Artrix is an arts venue in Bromsgrove, England, located on School Drive just outside the town centre. The building was constructed between 2004 and 2005 on a green field site sold off by the Heart of Worcestershire College Bromsgrove campus (formerly NEWcollege) in 1999 and the Bromsgrove 'Blue Light' centre. 

It hosts theatre and dance performances, cinema screenings, live music including touring bands, solo artists, touring theatre and both ballet and contemporary dance. Performance of  classical music and comedy from well-known performers to circuit comedians.
It also works with local groups and organisations as part of Bromsgrove Arts Alive which provides space for theatre performances, a Pantomime a classical music club, spoken word talks (featuring playwright, novelists, poets and historians) and productions by local dance schools.

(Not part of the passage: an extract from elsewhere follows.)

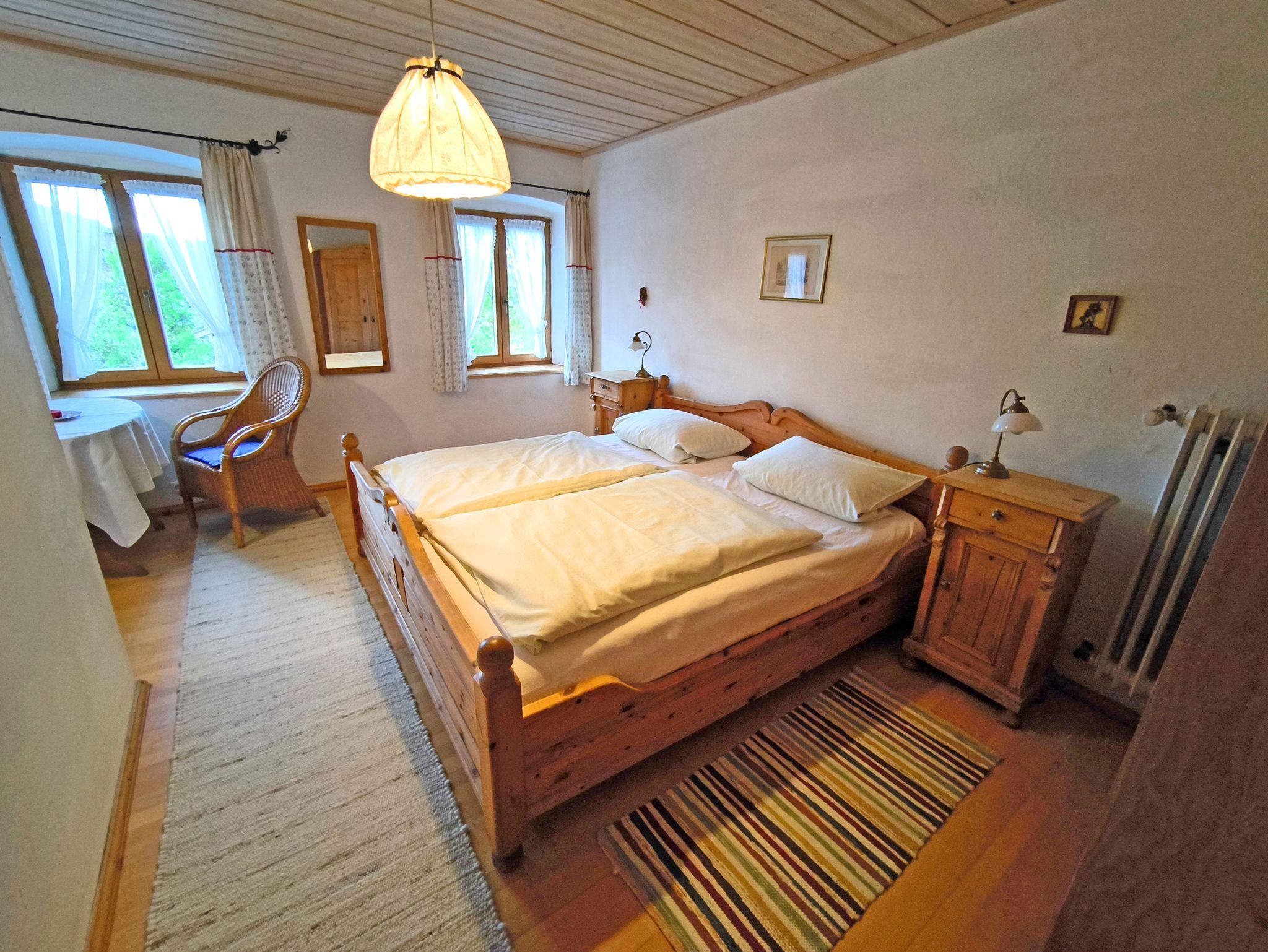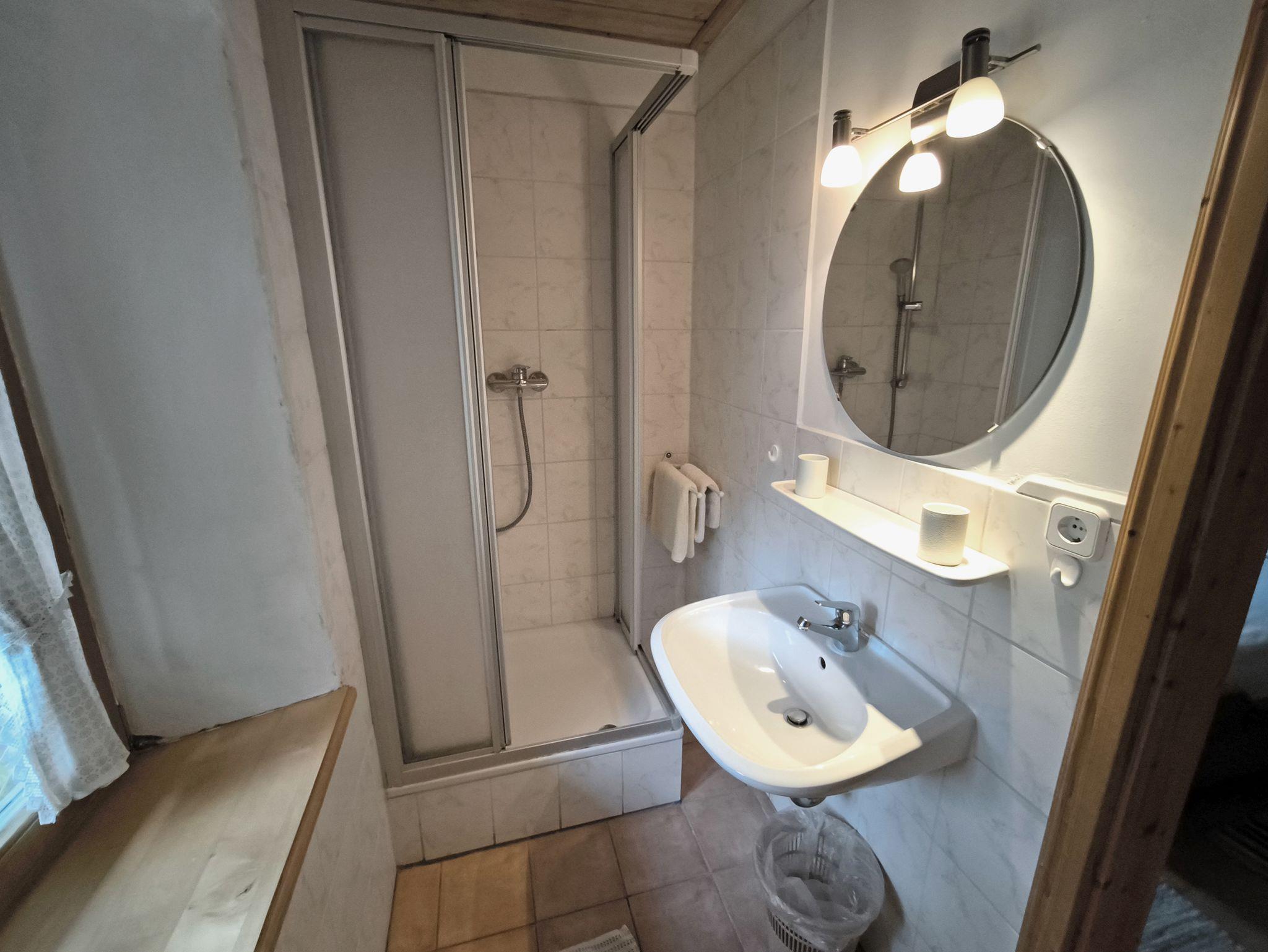Gemütliches, geräumiges Zimmer mit Doppelbett und Dusche/WC. Behaglich im Alpenländischen Stil mit Holzboden und einer Sitzecke eingerichtet. Auf Nachfrage und gegen Aufpreis kann ein Zustell- oder Babybett aufgestellt werden.

Artrix also has a very active learning and engagement department that coordinates many projects including a youth theatre group and projects in the community for all ages and social standing.

The main auditorium has a seating capacity of approximately 301. The seating in both venues can be dismantled to create open spaces for events. Four multipurpose rooms are available for meetings and during productions as dressing rooms.
The building also contains a rehearsal room/dance studio on the second floor which since 2013 has been regularly used as a studio theatre in addition to its main house for small scale theatre, music and spoken word with a seated capacity of 90.
There is an art gallery on the three floors of the venue. 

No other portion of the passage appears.